The Corona pandemic and the fall in oil prices have sharply depressed the profit of the British oil company BP. Adjusted net income in the first quarter decreased to US 791 million US dollars (730 million euros) compared to the same period of the previous year, the Group announced in London.
A year earlier, BP had reported an adjusted profit of just under 2.36 billion dollars. Nevertheless, the company plans to increase its quarterly dividend by 2.4 percent to 10.5 cents per share.
“We are dealing with an exceptionally challenging environment,” said Chief Financial Officer Brian Gilvary. The impact of the declineine in demand and prices is expected to continue in the second quarter. BP will use a series of measures to increase liquidity, strengthen its balance sheet and reduce spending.
At the beginning of April, the company had already announced significant cost reductions: In the current year, organic capital expenditure is to be limited to a total of 12 billion US dollars (approximately 11 billion euros). That’s about 25 percent less than the group had originally planned. Organic capital expenditure is adjusted for effects such as mergers. Among other things, BP wants to manage the situation by improving the integration of individual Group divisions and company sales.

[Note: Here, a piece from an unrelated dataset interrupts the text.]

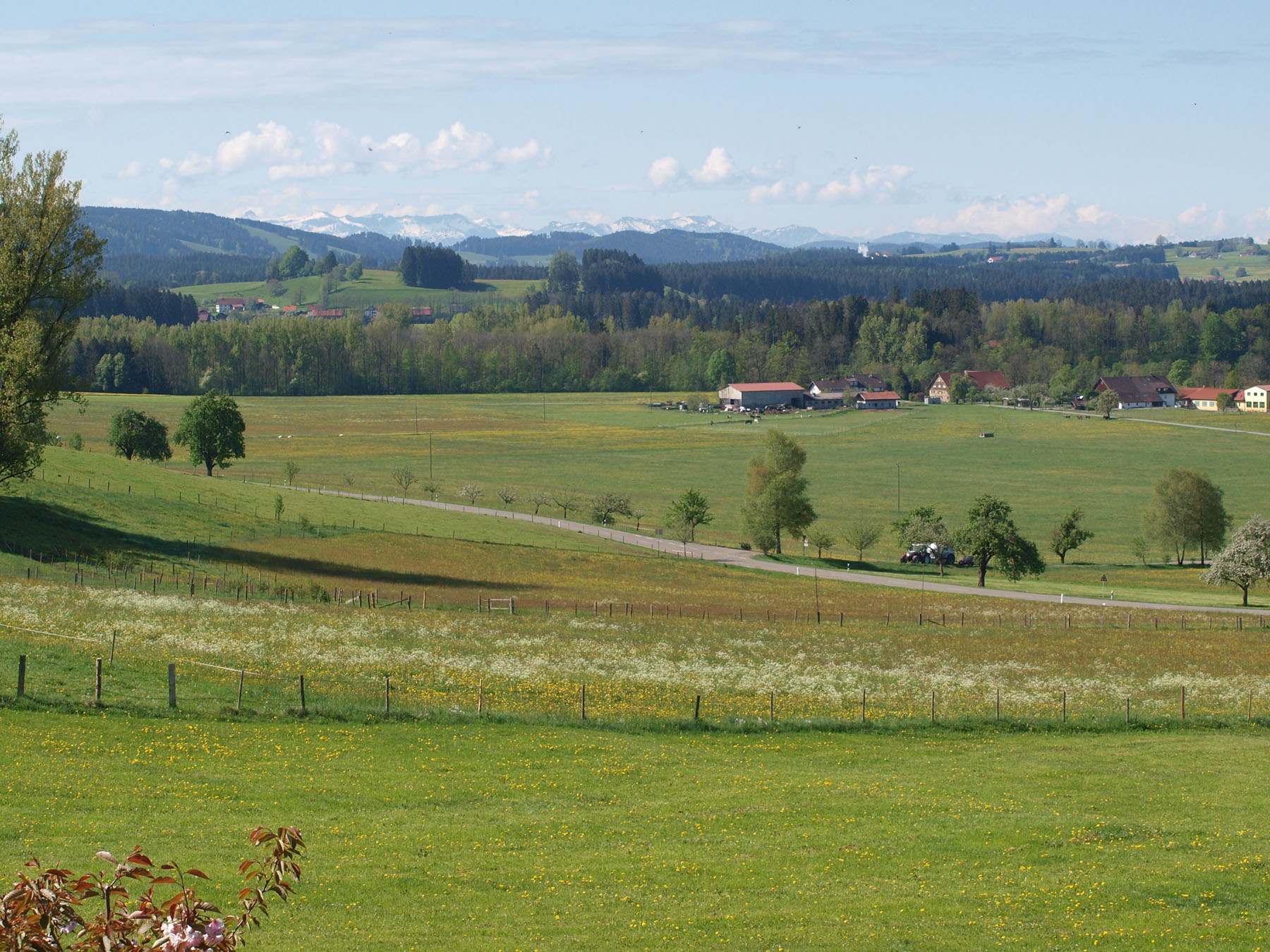 auf dem Schleifertobelhof, einem typischen Allgäuer Ferienhof, einmalig schön gelegen in Südhanglage, absolut ruhig direkt am Wald in 750 m Höhe. (Alleinlage) Auf unserem Ferienhof leben 3 Generationen mit vielen Tieren, Rindern - welche im Sommer auf die Weide dürfen- Enten, Hasen und Meerschweinchen und ganz lieben Katzen. Der Hof wird im Einklang mit der Natur nach Biolandrichtlinien von unserem Pächter bewirtschaftet. Bei uns genießen Sie die Ruhe, den weiten Blick in die Allgäuer Landschaft bis zu den österreichischen und schweizer Alpen.

According to the Trade Association for the UK’s Gas and Oil Industry, Oil and Gas UK, 30,000 workers could lose their jobs in the next 18 months as a result of the pandemic and the fall in prices. That equates to about one in five jobs in the uk sector, according to a survey by the association.
Last week, the global oil market had become unique: for the first time in history, the price of a futures contract on US oil had slipped into negative territory – meaning that buyers would even receive money when they fell. This, too, was the result of an unprecedented drop in demand due to the Corona crisis and far too high a supply of crude oil in the absence of storage capacity.
The Organization of Petroleum Exporting Countries (Opec) and its partners had agreed in mid-April to curb the price of oil because of the pandemic.